EXERCISE PROMPT:
From the listing that follows, reproduce only the lines from the one holding "The Sana Safinaz" through the one holding "La noticia fue", both included, with no pictures.

GIVEN DATA:
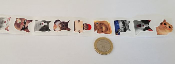 lot de 500 autocollants tete de chat drole Dimensions d'un autocollant : 2 x 2,5 cms. Envoi rapide et soigné
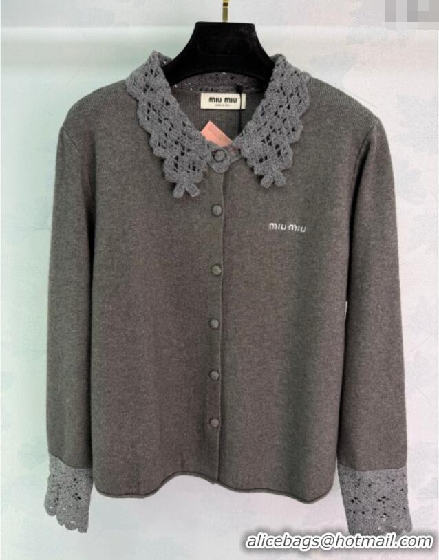 > Clothes Online > Miu Miu Clothes > Buy Discount Miu Miu Wool Cardigan with Crochet MM122513 Grey 2025
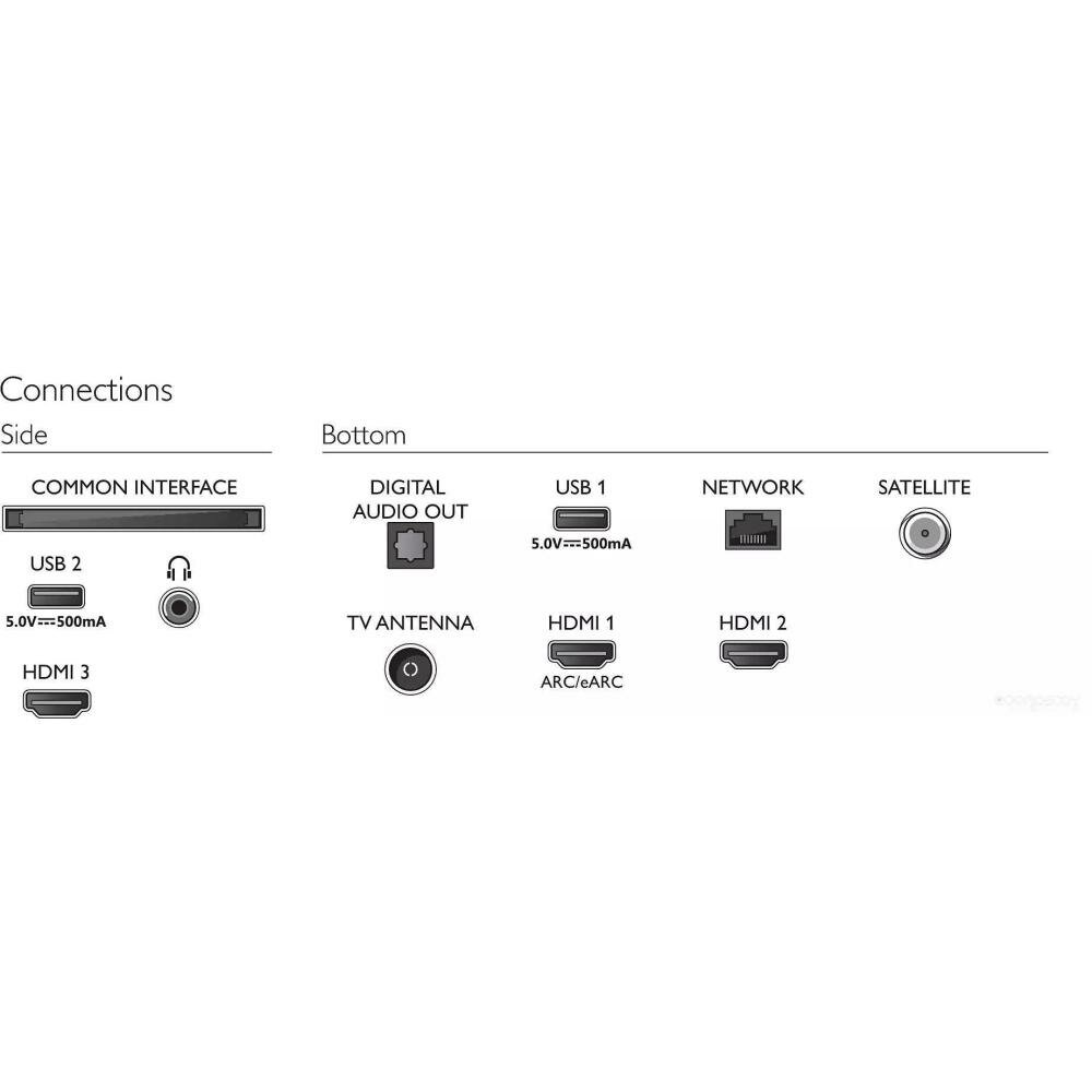 Ethernet - RJ-45, USB Type-A, USB Type-A x 2, HDMI input, HDMI input x 3, digital optical audio output, headphone output, CI slot, CI/CI+ slot
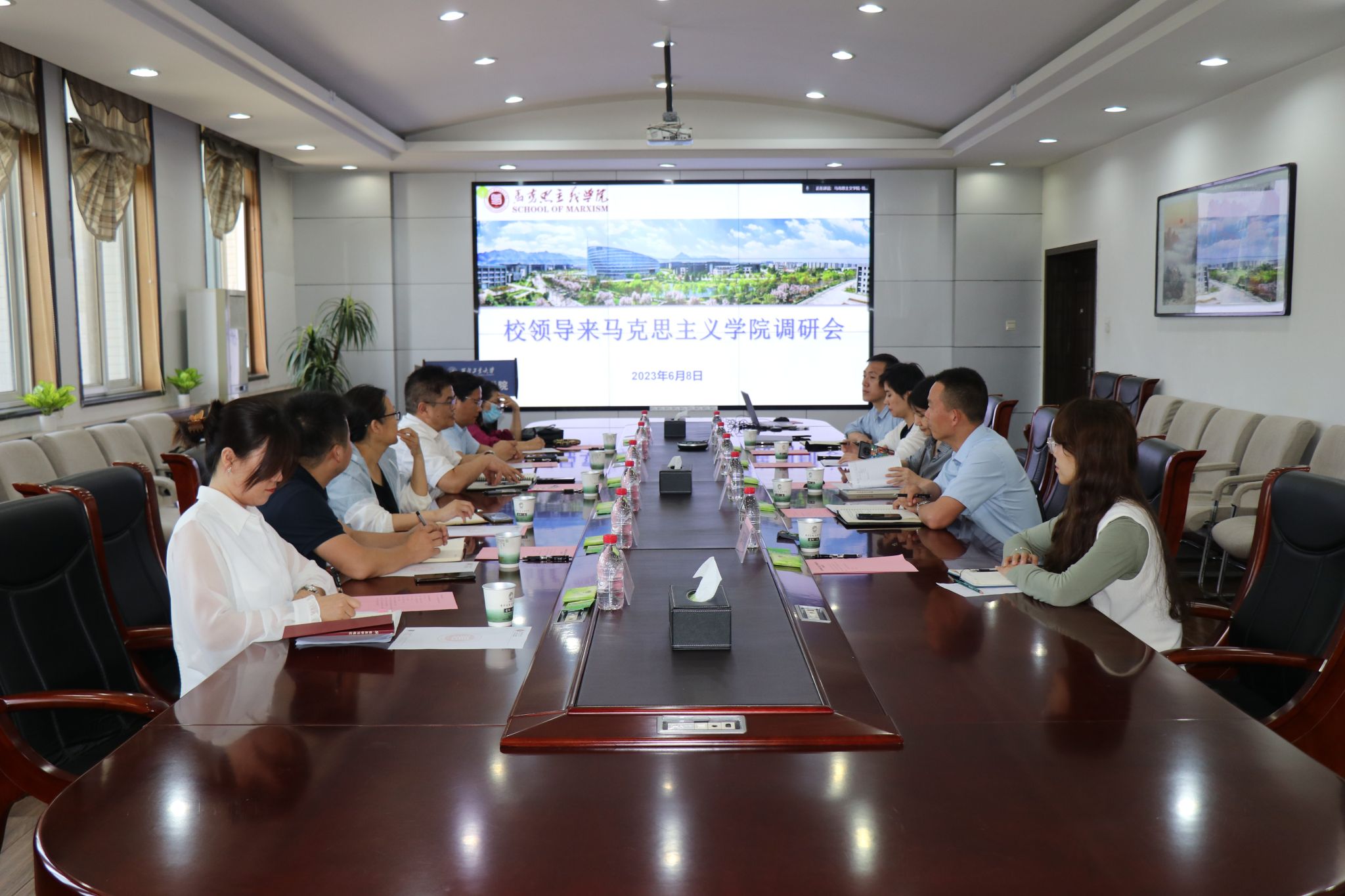长杨云霞代表学院作《集全校之力,重系统推进,实现开放特色创新发展》主题汇报,就学院党的建设、师资队伍、思政课教学、学科建设、人才培养、特色优势等方面作了详细汇报,并提出了目前学院发展中存在的问题和不足及学院下一步发展规划。与会同志依次结合自身岗位进行了补充汇报。
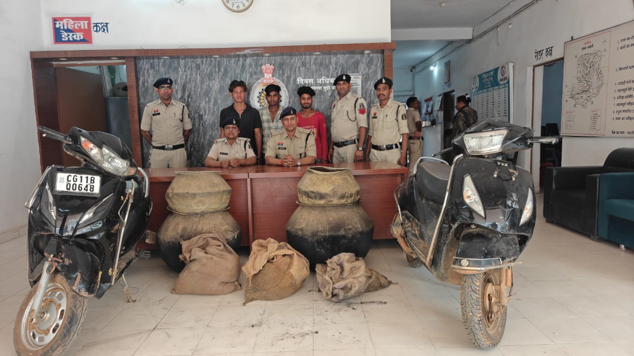 सक्ती में अवैध महुआ शराब पर पुलिस की बड़ी कार्रवाई, 50 लीटर शराब के साथ तीन आरोपी गिरफ्तार
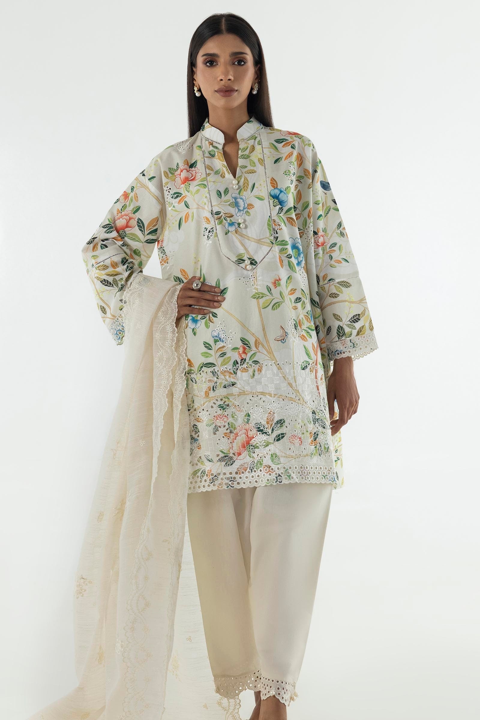 The Sana Safinaz SC25SGE244 Lawn is a masterpiece designed to make you feel like a queen on your special day. Crafted with exquisite attention to detail, this ensemble is a perfect blend of elegance, comfort, and style.
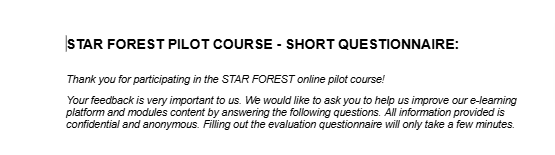 Το «ΒΙΩΣΙΜΗ ΧΡΗΣΗ ΠΟΛΥΛΕΙΤΟΥΡΓΙΚΩΝ ΔΑΣΩΝ ΚΑΙ ΤΩΝ ΜΗ ΞΥΛΩΔΩΝ ΠΡΟΪΟΝΤΩΝ ΤΟΥΣ ΩΣ ΠΗΓΗ ΑΠΑΣΧΟΛΗΣΗΣ ΚΑΙ ΠΕΡΙΒΑΛΛΟΝΤΙΚΗΣ ΒΙΩΣΙΜΟΤΗΤΑΣ» είναι ένα ενότητες μαθημάτων κατάρτισης, που ακολουθούν τις ενότητες του Προγράμματος Σπουδών STAR FOREST που βασίζονται σε ικανότητες, το οποίο δίνει έμφαση στη συλλογή μη ξυλωδών προϊόντων (όπως μανιτάρια, κάστανα και άλλα άγρια φρούτα, ρητίνη, κουκουνάρια, φαρμακευτικά φυτά και μέλι, μεταξύ άλλων). Αποτελεί το κύριο περιεχόμενο της πύλης Star Forest και θα είναι διαθέσιμο μόνιμα.
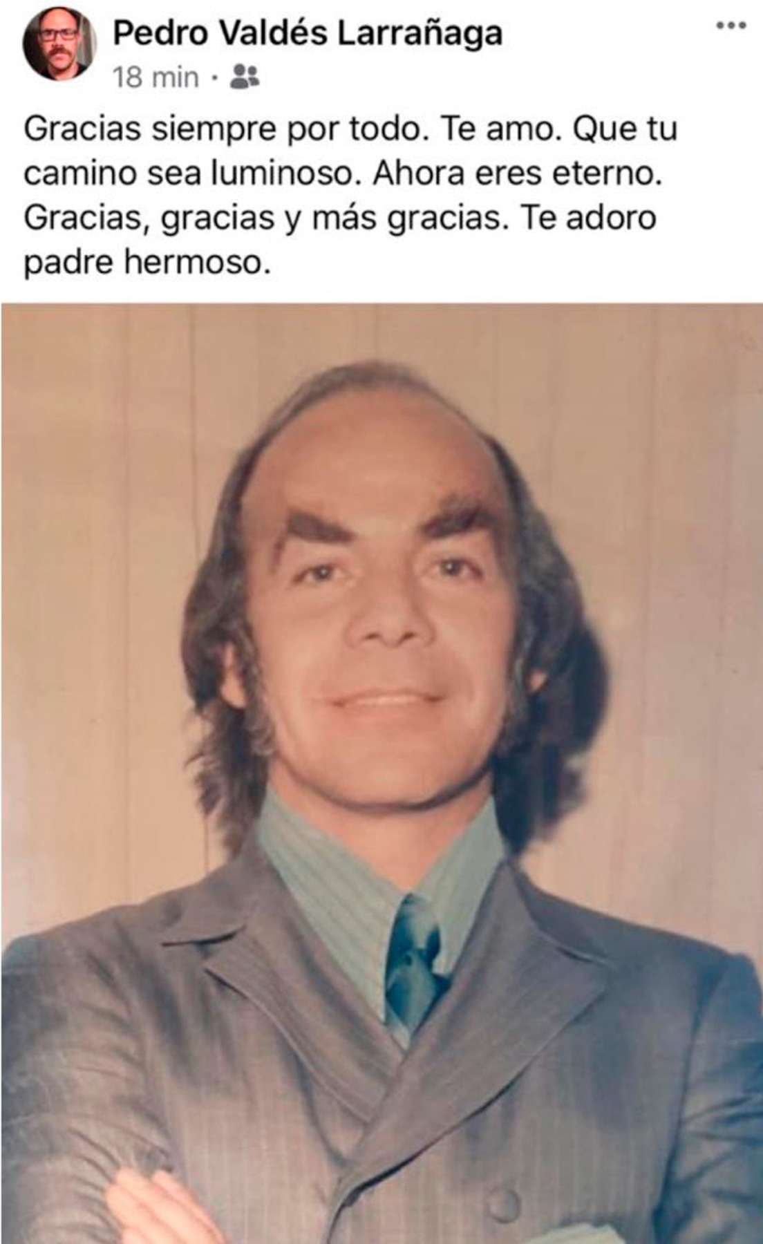 La noticia fue confirmada por Pedro Valdés Larrañaga, uno de sus hijos, quien en su redes sociales escribió: "Gracias siempre por todo. Te amo. Que tu camino sea luminoso. Ahora eres eterno".
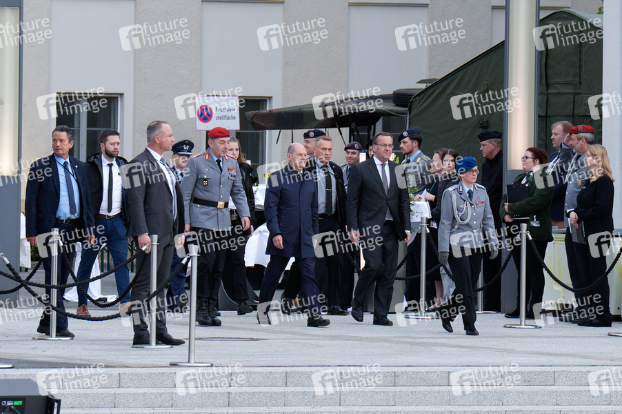 Carsten Breuer, Olaf Scholz und Boris Pistorius bei der Würdigung der Mali-Einsätze mit zentralen Abschlussappell und einer Serenade mit allen deutschen Kontingentführern, internationalen Gästen sowie Angehörigen und Hinterbliebenen von deutschen Einsatzsoldaten, die in Mali gedient haben, auf dem Paradeplatz des Bundesministeriums der Verteidigung. Berlin, 11.04.2024
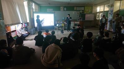 生徒会が準備した中学校クイズや神根中の紹介を興味津々な様子で見てくれました。
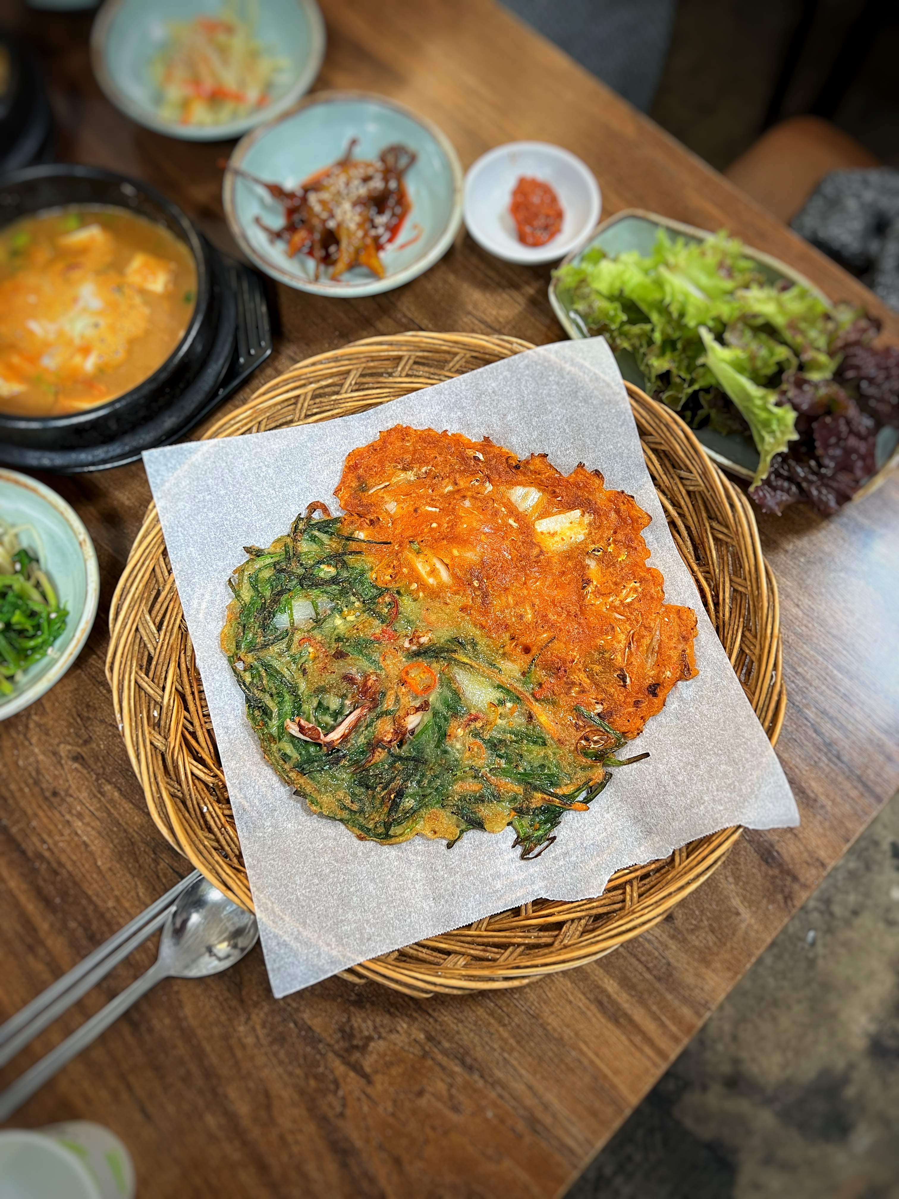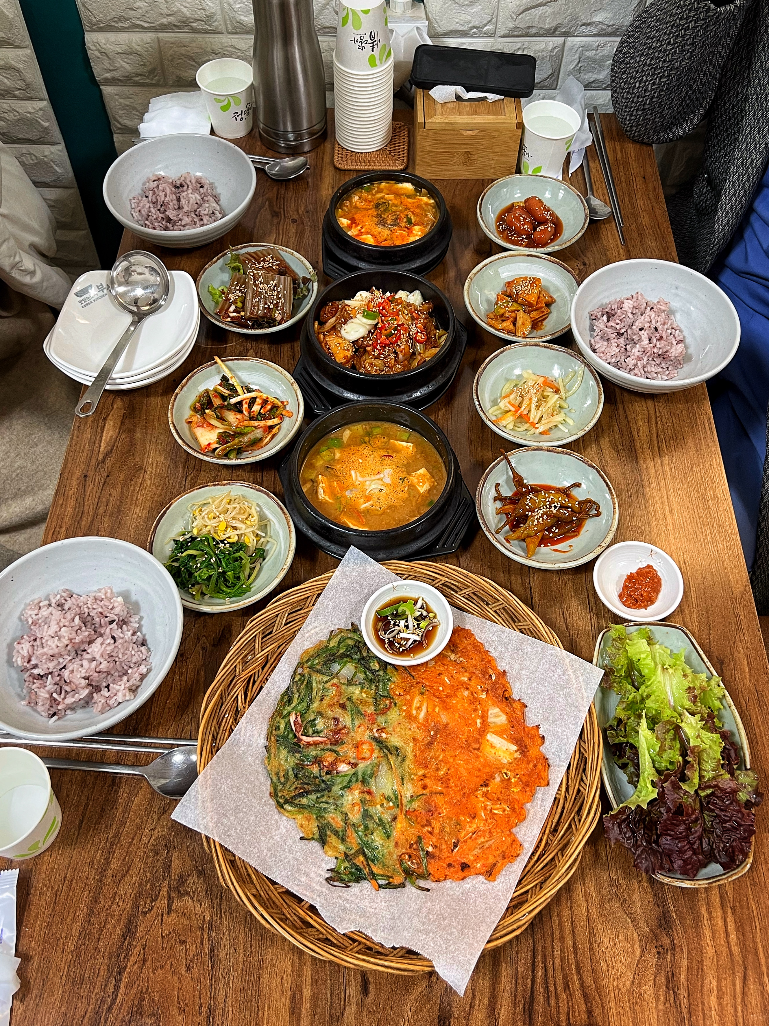 밥 한 공기는 두루치기와 쌈을 싸서 즐기고, 간간히 순두부를 곁들여준다. 두 번째 밥은 나물과 청국장을 함께 비벼서 먹으면 꿀맛이다.
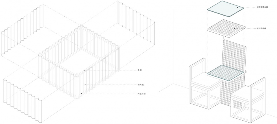 The furniture and shelving extend the site’s distinctive “steel” memory, forming the main thread of the spatial language. In the dining area, tables combine galvanized steel grating with glass tops, revealing the texture of the underlying metal framework and reinforcing the interior’s industrial character. The display shelves are constructed from aluminum profiles and chrome-plated steel rods, allowing flexible height adjustments that continue the rationality and adaptability inherent in industrial logic.
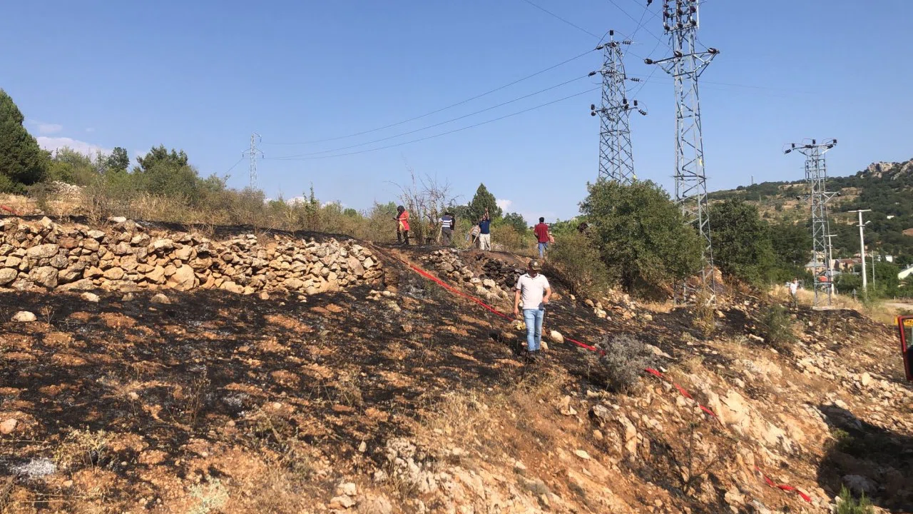 Konya'nın Bozkır ilçesinde yol kenarındaki otluk alanda çıkan yangın paniğe sebep olurken, ağaçlara sıçramadan itfaiye tarafından söndürüldü.

TASK ANSWER:
 The Sana Safinaz SC25SGE244 Lawn is a masterpiece designed to make you feel like a queen on your special day. Crafted with exquisite attention to detail, this ensemble is a perfect blend of elegance, comfort, and style.
 Το «ΒΙΩΣΙΜΗ ΧΡΗΣΗ ΠΟΛΥΛΕΙΤΟΥΡΓΙΚΩΝ ΔΑΣΩΝ ΚΑΙ ΤΩΝ ΜΗ ΞΥΛΩΔΩΝ ΠΡΟΪΟΝΤΩΝ ΤΟΥΣ ΩΣ ΠΗΓΗ ΑΠΑΣΧΟΛΗΣΗΣ ΚΑΙ ΠΕΡΙΒΑΛΛΟΝΤΙΚΗΣ ΒΙΩΣΙΜΟΤΗΤΑΣ» είναι ένα ενότητες μαθημάτων κατάρτισης, που ακολουθούν τις ενότητες του Προγράμματος Σπουδών STAR FOREST που βασίζονται σε ικανότητες, το οποίο δίνει έμφαση στη συλλογή μη ξυλωδών προϊόντων (όπως μανιτάρια, κάστανα και άλλα άγρια φρούτα, ρητίνη, κουκουνάρια, φαρμακευτικά φυτά και μέλι, μεταξύ άλλων). Αποτελεί το κύριο περιεχόμενο της πύλης Star Forest και θα είναι διαθέσιμο μόνιμα.
 La noticia fue confirmada por Pedro Valdés Larrañaga, uno de sus hijos, quien en su redes sociales escribió: "Gracias siempre por todo. Te amo. Que tu camino sea luminoso. Ahora eres eterno".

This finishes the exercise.